Repeat the listing that follows exactly. Pictures are not part of the copy.

Collected material:
——
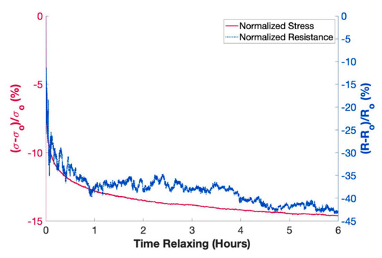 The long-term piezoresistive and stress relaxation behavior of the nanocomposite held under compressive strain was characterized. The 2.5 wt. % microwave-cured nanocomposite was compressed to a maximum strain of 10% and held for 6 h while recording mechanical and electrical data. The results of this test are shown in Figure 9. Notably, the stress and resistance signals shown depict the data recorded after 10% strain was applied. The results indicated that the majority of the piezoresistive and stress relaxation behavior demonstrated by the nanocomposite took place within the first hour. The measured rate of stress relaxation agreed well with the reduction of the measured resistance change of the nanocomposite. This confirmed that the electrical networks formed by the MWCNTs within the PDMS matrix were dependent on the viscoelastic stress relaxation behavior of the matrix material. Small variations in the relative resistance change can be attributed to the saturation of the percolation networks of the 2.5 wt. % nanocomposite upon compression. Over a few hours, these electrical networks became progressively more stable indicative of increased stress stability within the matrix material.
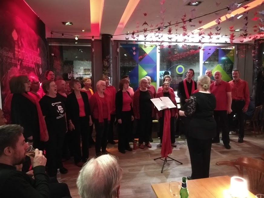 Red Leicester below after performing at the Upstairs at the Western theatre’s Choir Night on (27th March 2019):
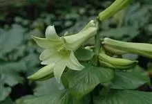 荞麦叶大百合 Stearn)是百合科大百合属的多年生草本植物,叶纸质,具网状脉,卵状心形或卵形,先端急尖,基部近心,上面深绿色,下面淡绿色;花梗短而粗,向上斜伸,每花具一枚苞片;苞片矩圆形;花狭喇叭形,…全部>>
——
Task result:
 The long-term piezoresistive and stress relaxation behavior of the nanocomposite held under compressive strain was characterized. The 2.5 wt. % microwave-cured nanocomposite was compressed to a maximum strain of 10% and held for 6 h while recording mechanical and electrical data. The results of this test are shown in Figure 9. Notably, the stress and resistance signals shown depict the data recorded after 10% strain was applied. The results indicated that the majority of the piezoresistive and stress relaxation behavior demonstrated by the nanocomposite took place within the first hour. The measured rate of stress relaxation agreed well with the reduction of the measured resistance change of the nanocomposite. This confirmed that the electrical networks formed by the MWCNTs within the PDMS matrix were dependent on the viscoelastic stress relaxation behavior of the matrix material. Small variations in the relative resistance change can be attributed to the saturation of the percolation networks of the 2.5 wt. % nanocomposite upon compression. Over a few hours, these electrical networks became progressively more stable indicative of increased stress stability within the matrix material.
 Red Leicester below after performing at the Upstairs at the Western theatre’s Choir Night on (27th March 2019):
 荞麦叶大百合 Stearn)是百合科大百合属的多年生草本植物,叶纸质,具网状脉,卵状心形或卵形,先端急尖,基部近心,上面深绿色,下面淡绿色;花梗短而粗,向上斜伸,每花具一枚苞片;苞片矩圆形;花狭喇叭形,…全部>>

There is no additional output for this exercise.